В пустом, гулком, выложенном малахитовой плиткой билетном зале все окошечки были заколочены, кроме одного. Я наклонился к нему и с наслаждением небрежно бросил:
— До Нюрнберга, пожалуйста.
— Это какая же зона? — удивилась тетеха-кассирша, откладывая вязанье. Она придвинулась к компьютеру, врубила обмотанный синей изолентой рычаг и принялась нажимать бренчащие клавиши, при этом напряженно всматриваясь в экран. А уж виднелось ли там что-то, на том экране, в принципе было ли включено в розетку?.. С привычным пессимизмом думалось, что экран вообще намалеван на обороте старого холста.
На расписном потолке Жора-Победоносец в развевающемся макинтоше длинным шилом щекотал пузо какому-то гаду — гарпунил на скаку!
Корчащиеся черти по стенам гнали, поднимали на вилы, сыпали махру в тесто, варили в котлах и запекали в золе. Это все меня, чужака, не касалось — другое измерение, иная плоскость веры.
Хорошо вижу — детство — мы с отцом в занесенной сугробами Первой Градской синагоге, отец держит меня за руку, вокруг все, раскачиваясь, молятся о ниспослании снегов на поля.
— Папа, — шепчу я и потихоньку тяну его за талес. — На улице же и так снег.
— Это не наш снег, — сурово отвечает отец.
Хорошо-с, ну а помните, граждане, как я поступал в Университет, на Факультет? Гоем буду — не забуду гнусную морду мордвы-экзаменатора. Как он умело влепил мне «пару». Осторожно зарезал еврея, не забрызгавшись. За что?! Матерь моя Божья, Елизавета Смердящая, я ж твой сын полка Ваня, тьфу… Мишка Юдсолнцев… Безобидный! Я и молоток-то держу, как дядюшка Поджер — сразу себе по пальцу попал, и меня, косорукого, вообще от столба отогнали… Эх, чего стонать на трапе — я уже почти уехал! А для вас умер! Кончились все дела!
Кассирша недовольно пересчитала мои замасленные, потертые ассигнации, бурча что-то о политости людскими слезами, и выбросила мне в окошечко билет:
— Через Егупец на Прагу, а там уже и до Нюрнберга рукой подать. Вагон хороший, теплый. Сено в купе, ковры. 40 человек или 8 иудей. На просторе доедете!
Она высыпала еще какую-то гремящую мелочь:
— Это жетон на одеяло, это вот талон на наволочку — рукописи для набивки с собой надобно иметь, это крестик — спасаться от дорожной нечисти, а также свечечки — над полкой своей прилепите.

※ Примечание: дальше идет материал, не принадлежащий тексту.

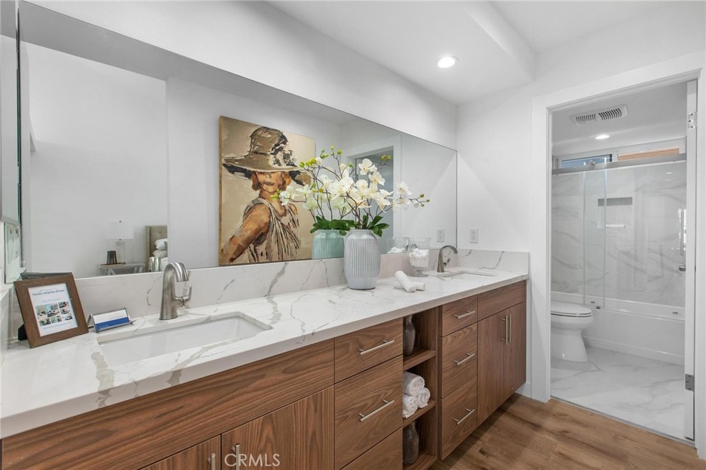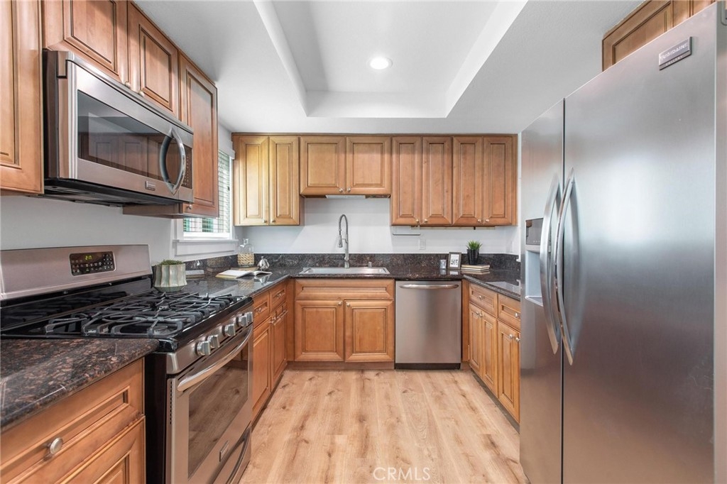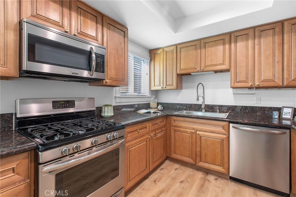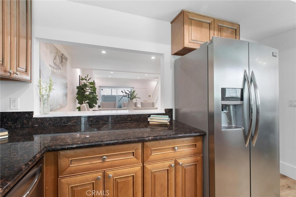 This spacious townhome offers a comfortable and modern living space. Stepping inside, you enter a bright and inviting living room. The natural light floods the space, highlighting the freshly painted walls and new flooring, giving the entire area a warm ambiance. The focal point of the living room is a cozy fireplace, perfect for relaxing evenings or gatherings with friends and family. The living room seamlessly flows into a generous dining area, creating an open-concept living space perfect for hosting dinners and celebrations. Remodeled kitchen, equipped with sleek stainless steel appliances and adorned with beautiful granite countertops. This modern provides ample space for cooking. Half bathroom conveniently located on the first floor. New double-paned windows and sliding door. Recess lighting throughout. Upstairs, you'll find two spacious bedrooms, each with its own remodeled bathroom. The master suite is particularly impressive, featuring a vaulted ceiling that adds an element of grandeur to the room. The suite also boasts two closets, providing an abundance of storage space. The remodeled bathrooms exude luxury and sophistication, with stylish fixtures and elegant finishes. This townhome offers the convenience of an inside laundry area Additionally, private patio with no neighbors above or below, you can enjoy a peaceful and quiet atmosphere, Two dedicated parking spots, providing secure and easy access to your home.Great location, close to restaurants and cafes
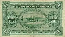 In 1919, Žmuidzinavičius participated in the plans to launch the national currency to replace the ostmark and ostrubel. He created drafts of the new banknotes (called muštinis) and travelled to Sweden to negotiate the printing, but the plans were abandoned.[2][20] Instead, Lithuania introduced the gold-backed Lithuanian litas in 1922. It is very likely that Žmuidzinavičius participated in the design of the first litas banknotes as they bear the coat of arms of Lithuania that is very similar to Žmuidzinavičius' version.[20] In 1927, Lithuania redesigned litas banknotes and Žmuidzinavičius was asked to design the 10 litas banknotes that would depict a Lithuanian village. He based his design on a photo by Antanas Tamošaitis of his brother sowing grain in spring.[20]
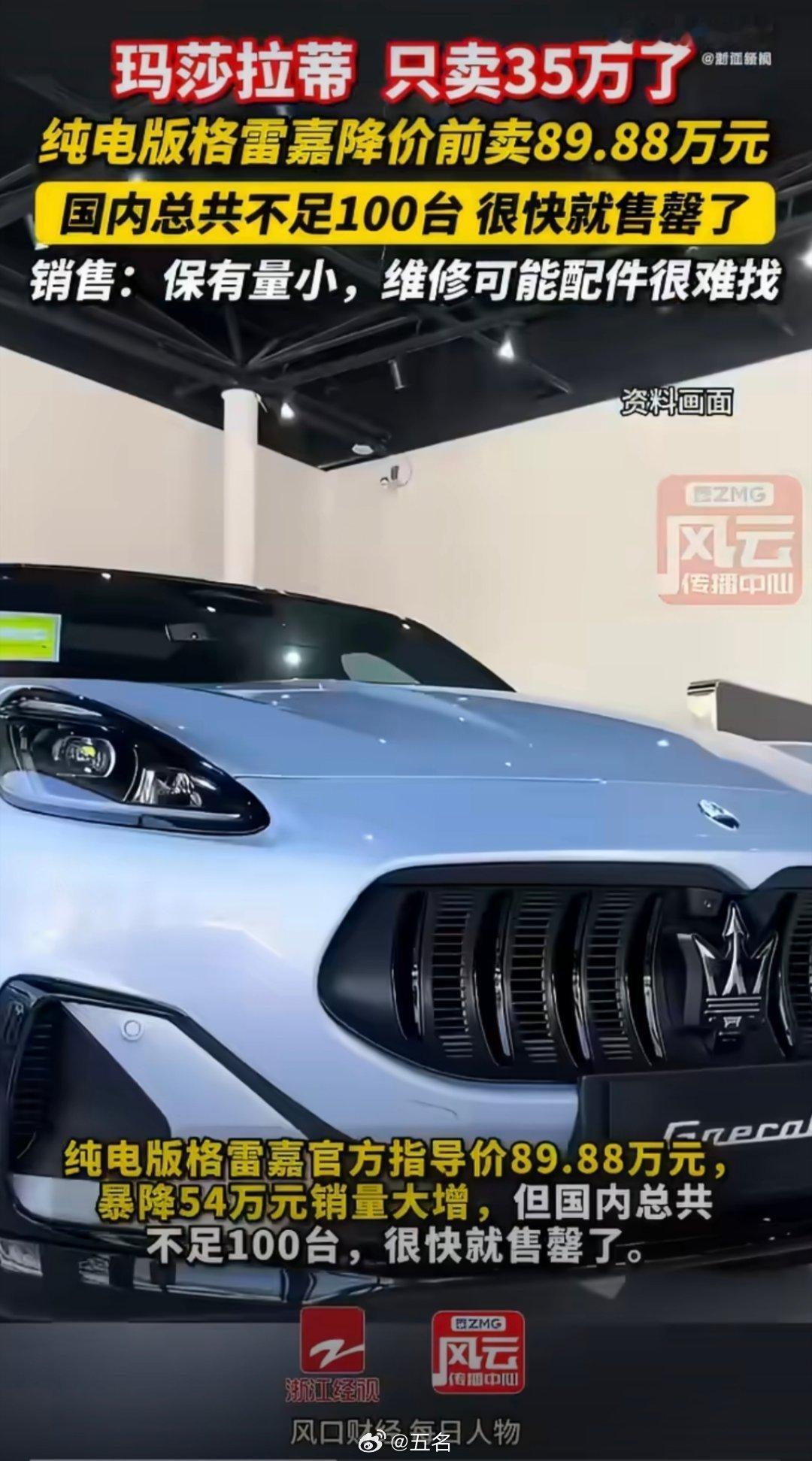 销售直言不建议买35万玛莎拉蒂不建议客户买纯电版,主要是因为保有量小,万一以后出现问题,维修会很麻烦,配件很难找……那是不是可以整一台投资,当配件卖,能赚一台玛莎拉蒂的钱不

Я сгреб все в карман, вышел и, первым делом, крестик с прочими причиндалами — в сугроб, в сугроб… Защитнички! Без вас найдется кому за меня постоять, заступиться, поспособствовать: серебряный магендавид из кальсон, из потайного кармашка — сей же час! — на грудь, в самую курчавость. Сразу же на сердце потеплело, как бы искорки какие-то пошли. Жизненная сила поперла — энтелехия Аристотелева, грецкая. Все, ребята, счастливо оставаться — копайте, копайте до корней, авось отроете пару земляных орехов!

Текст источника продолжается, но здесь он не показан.